Knowing the Kosher Code Words
Fear of law suits has made all of the kosher agencies very careful in what they say about other hashgachot (supervisions). The phrase NOT RECOMMENDED is their way of saying they believe the product is not kosher, or, at least, not acceptable to them.
This plays out in many ways. For example, most of the national agencies will never comment on products supervised by other agencies. In the case of small, single rabbi agencies, the big boys say not recommended because they want us to believe that the single rabbi agency cannot possibly be acceptable as kosher.
The irony is that often times the local, single rabbi certifying a local, mom and pop business is probably more reliable than alternatives. The rabbi knows the community, knows the operator, and recognizes his reputation as a mashgiach is at stake.
Yet, this is where the Kosher Code Words game begins. An innocent customer, perhaps not familiar with the kosher label, phones a major kosher agency and asks about a product. Should you phone and ask for information about a product that is not under their supervision, they will tell you either that they do not know, or, that they have never heard of the supervision about which you ask.
Some years back in Teaneck, NJ, the local Stop and Shop had a bakery certified by the KVH (Boston). A rabbi we know phoned the local vaad, the RCBC, and asked if the certification was good or not. The response he got was most illuminating. The rabbi who took the call said, “We have never heard of that certification. “ Of course, that was just absurd. There is no kosher agency in the United States that has not heard of the KVH.
We phoned the RCBC and asked them if they allow Kellogg’s cereals at events. We were assured that Kellogg’s was entirely acceptable. Really?
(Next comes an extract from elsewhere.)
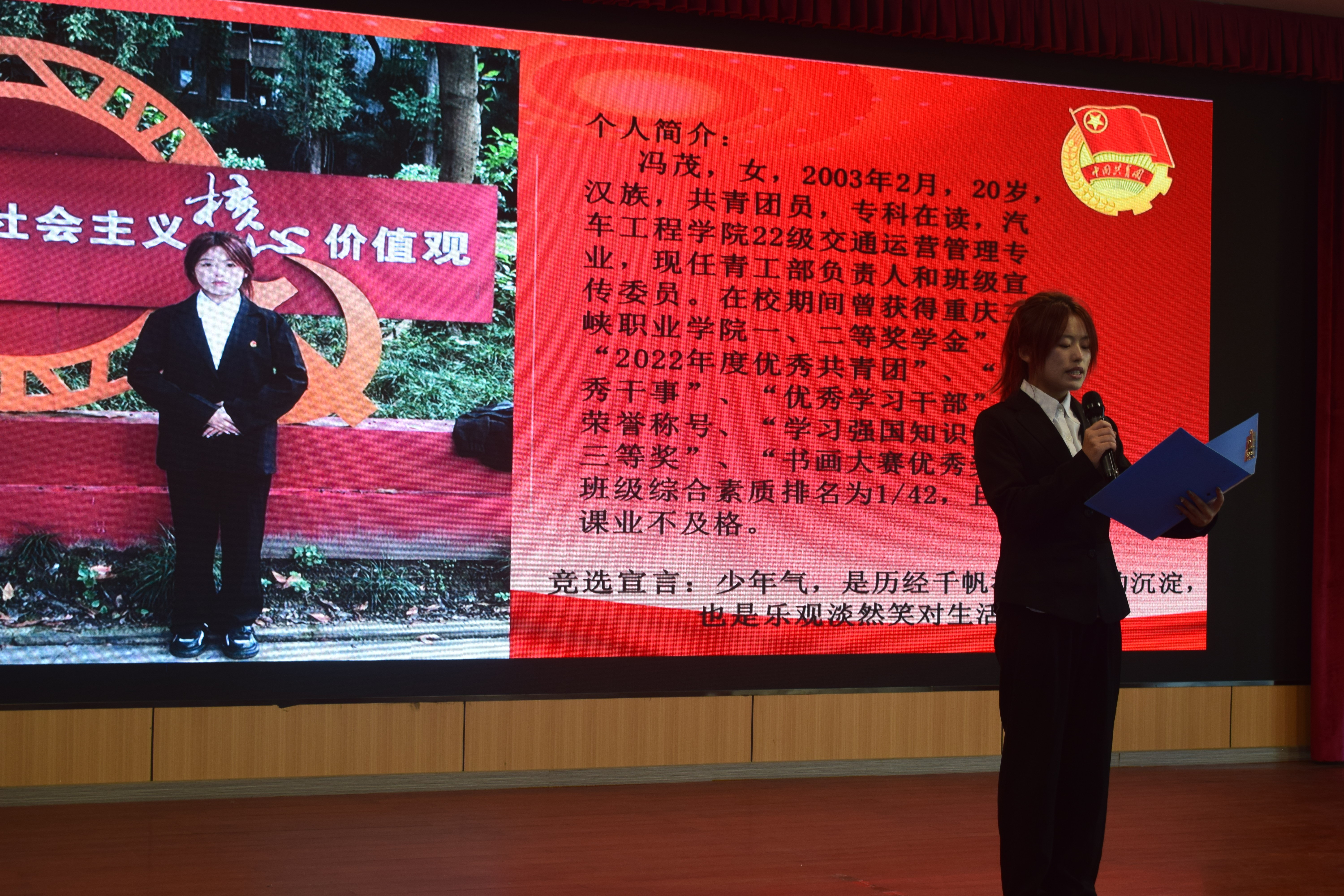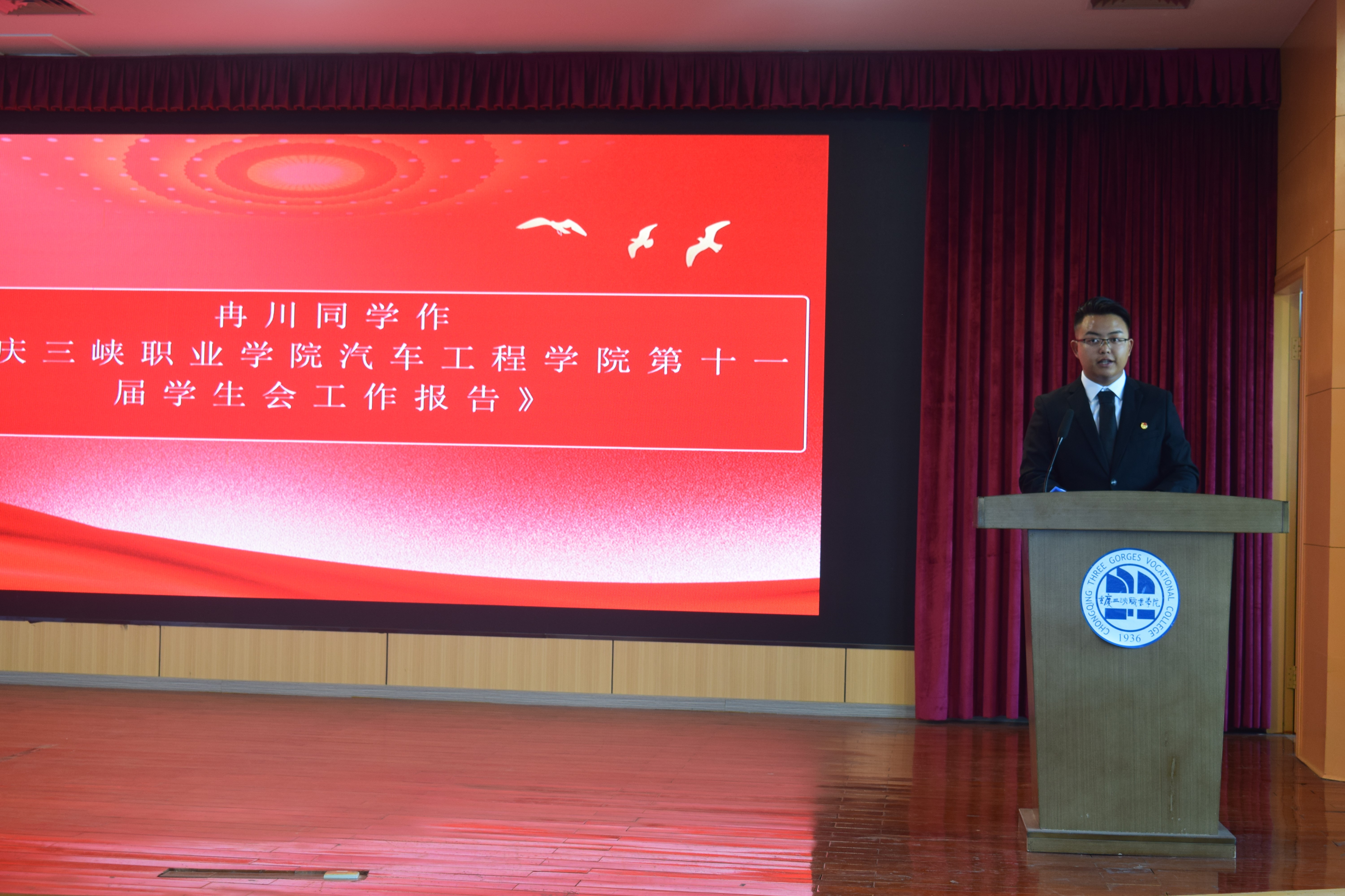 汽车工程学院第十一届主席团成员冉川同学作《重庆三峡职业学院汽车工程学院第十一届学生会工作报告》,报告总结回顾了汽车工程学院学生会过去一年来的工作成果与不足之处,并给出了今后发展建议。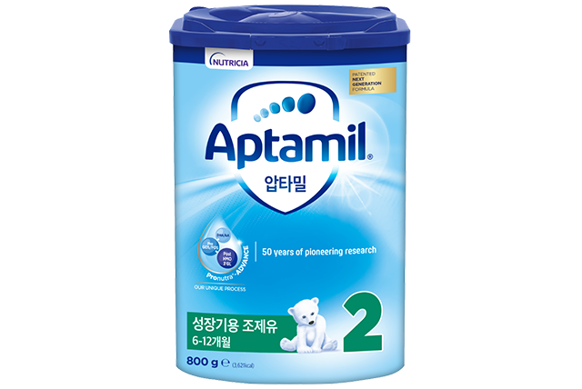 표준 투여량: 100 ml Aptamil® 2 프로누트라 어드밴스 = 90 ml 물 + 3 계량스푼 =67 kcal. 1 계량스푼 = 4.9 g.

Back then, Kellogg’s put a simple K on it products. The K in that case was the KVH. (Now the OU certifies Kellogg’s.)
So why the game? Why can’t all the kosher agencies cooperate? They do manage to hold an annual meeting of so-called “Kashrut Officials” whereat they all collude on certain things and standards.
No agency ever explains why something is not recommended. Why is it such a secret? What don’t they want us to know? Are they afraid that educated consumers might make their own decisions about a product?
At times, we actually agree with the mainstream organizations that a practice by a particular mashgiach/agency may not represent our standards, and we have no problem explaining that to anyone who asks. The laws of “motzi shem rah (besmirching a name)” and of denying a livelihood are grave. Yet, in the world of kashruth, they are the rules of which games are played.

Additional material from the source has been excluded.